Ciò che il sacramento – soprattutto quello eucaristico – compie, anticipa e fa pregustare è la vita eterna, la comunione indefettibile con Dio Trinità: «colui che ha risuscitato il Signore Gesù, risusciterà anche noi con Gesù e ci porrà accanto a lui insieme con voi». Il Nuovo Testamento è ritmato in maniera martellante dal richiamo all’eternità, alla pienezza della vita in Dio che Cristo ha raggiunto con la sua umanità di Risorto. E il prete è a servizio di questo orizzonte ultimo, senza sentirsi in contraddizione quando si tratta di dedicarsi ai poveri e a tutti coloro che chiedono il suo aiuto e il suo sostegno, ma trovando in ogni impegno per la comunità un modo per riempire di grazia (che è anche umanissima bellezza e bontà, giustizia e verità) il corpo terreno di quel regno eterno al quale sentiamo già di appartenere.

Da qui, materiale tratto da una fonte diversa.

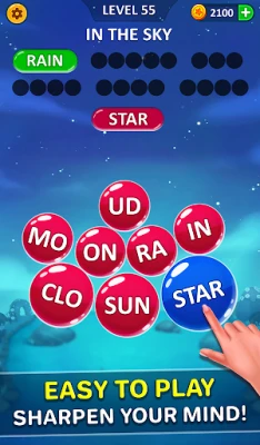 ========= Word bubble puzzle is mixture of word connect and word search game. 500+ levels. Four themes. Unique levels. All the levels are made with day to day activities and things. If you like word puzzle game, word search, word cross, crossword than you will loved this game Use hint while you getting stuck.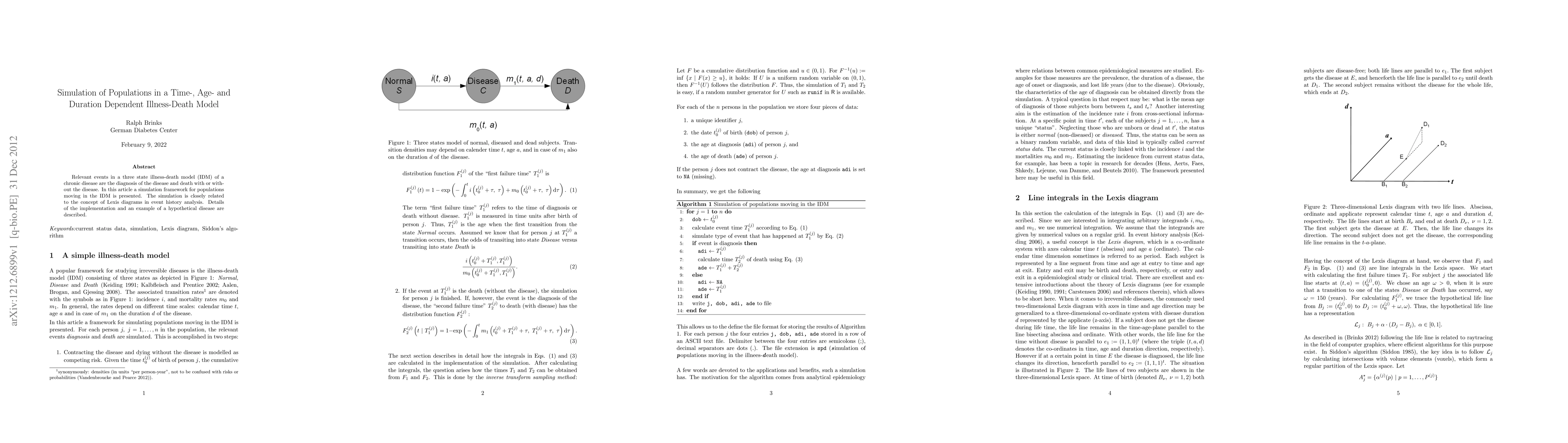 Relevant events in a three state illness-death model (IDM) of a chronic disease are the diagnosis of the disease and death with or without the disease. In this article a simulation framework for populations moving in the IDM is presented. The simulation is closely related to the concept of Lexis diagrams in event history analysis. Details of the implementation and an example of a hypothetical disease are described.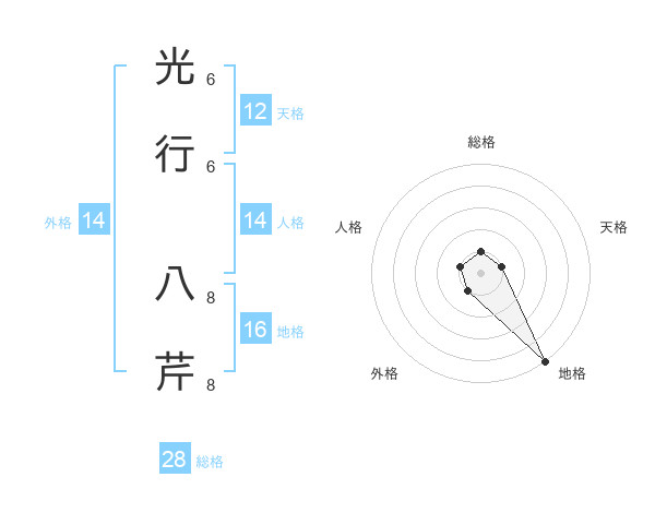 光行 八芹さんの外格は14画の1点!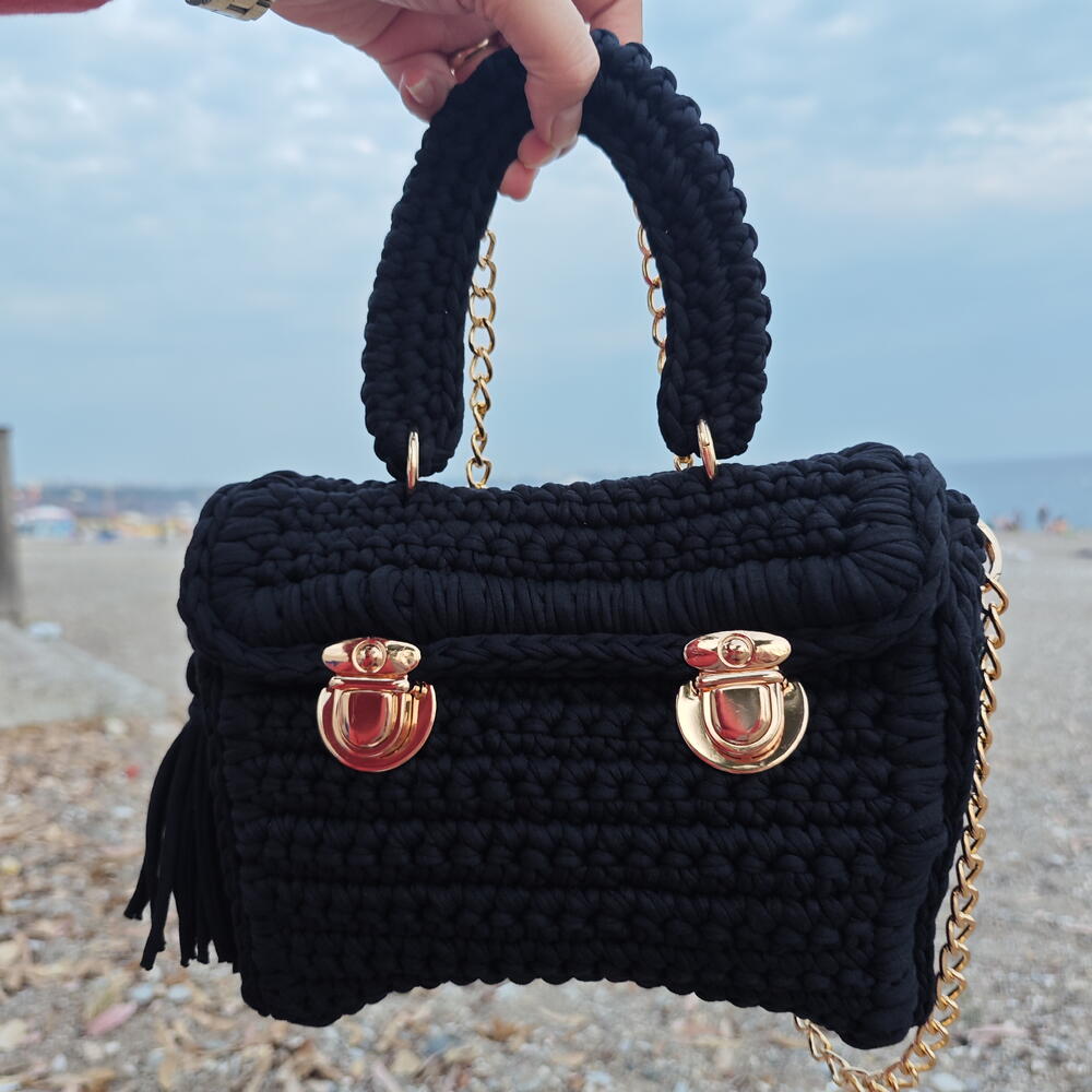 El yapımı siyah penye çanta, altın zinciri ve çift tokasıyla hem güçlü hem zarif bir duruş sergiliyor. Kalın örgü dokusu ve örgü sapı, hem sağlamlık hem de stil sunarken, altın detaylar çantaya sofistike bir hava katıyor. 🖤 Kimin için? Kendi tarzını cesurca ifade eden, geceye ve gündüze aynı şıklıkla eşlik eden kadınlar için. 🎁 Hediye fikri: Yeni iş, özel günler veya “senin gibi güçlü biri için” demek isteyenlere.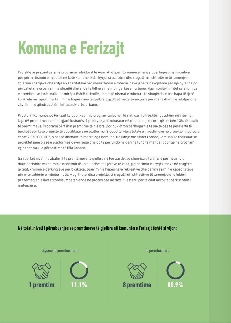 “Kryetari i Komunës së Ferizajt ka të publikuar një program zgjedhor te shkruar, i cili është i qasshëm në internet. Nga 69 premtimet e dhëna gjate fushatës, 9 prej tyre janë fokusuar në çështje mjedisore, që përbën 13% të totalit të premtimeve. Programi përfshin premtime të gjelbra, por nuk ofron përllogaritje të sakta ose të përafërta të buxhetit për këto projekte të specifikuara në platformë. Sidoqoftë, vlera totale e investimeve në projekte mjedisore është 7.050.000.00 eurosh, sipas të dhënave të marra nga Komuna. Në lidhje me afatet kohore, komuna ka theksuar se projektet janë pjesë e platformës qeverisëse dhe do të përfundojnë deri në fund të mandatit por që në program zgjedhor nuk ka përcaktime të tilla kohore”, thuhet në raport, përcjellë organizata “Avonet”.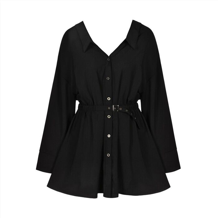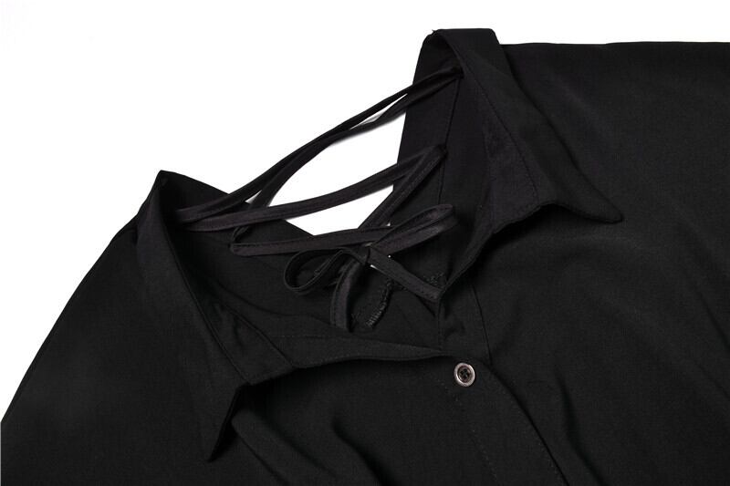 シャツ スカート ダークスタイルウェストVネックホルターワンピースレディースブラック ロング 大人ガーリー スウィート キュート カジュアル 長袖 ウエスト pLegLadGothic381825732025 | LADY GHOST

A tal punto questo ministero, che tutto assorbe della vita di un prete, è colmo di eternità, che perfino il tempo della mancanza diventa spazio ancora più accogliente per la potenza di Dio, che non cessa di operare la trasfigurazione dell’umanità e della stessa creazione. Il tempo della mancanza è quello della malattia e della fragilità, della fase estrema della vita, quando non si è capaci di dire e di fare più nulla, ma in cui quello stare in croce – e diventa bruciante il dirlo – consuma e offre ancora più puramente il dono sacerdotale della vita di un prete a somiglianza di Cristo: lì si compie il suo celebrare, perché si celebra la Messa della vita sull’altare della sofferenza, a somiglianza della scena della croce che l’ultima cena ha preparato e anticipato. «Per questo non ci scoraggiamo, ma se anche il nostro uomo esteriore si va disfacendo, quello interiore si rinnova di giorno in giorno».
Porterò con me l’immagine di don Gianfranco di questi ultimi anni di malattia, sempre più irrigidito nel suo fisico sempre più asciutto, con la Bibbia piena di tanti fogli e segnalibri tra le mani insieme al breviario, come a dire un desiderio di pregare, di rimanere fedele fino in fondo, di recuperare tutto della propria esistenza nell’atto di prepararsi e di presentarsi al Pastore supremo. In questi mesi di pandemia è diventato difficile andare a visitarlo. È stata una pena vedere il suo bisogno di parlare e di dialogare, frustrato dalla distanza necessaria e da tutte le protezioni possibili (tute, cuffie, mascherine, visiere e tutto quel che è diventato corredo necessario della nostra quotidianità parasanitaria), apparati a cui ormai siamo abituati, ma che impedivano di parlare e di ascoltare. Per fortuna c’era qualcun altro che ascoltava e che ascolta comunque, che lo ha ascoltato e ora lo accoglie con sé, come un servo che si è speso nella vita a favore del suo popolo.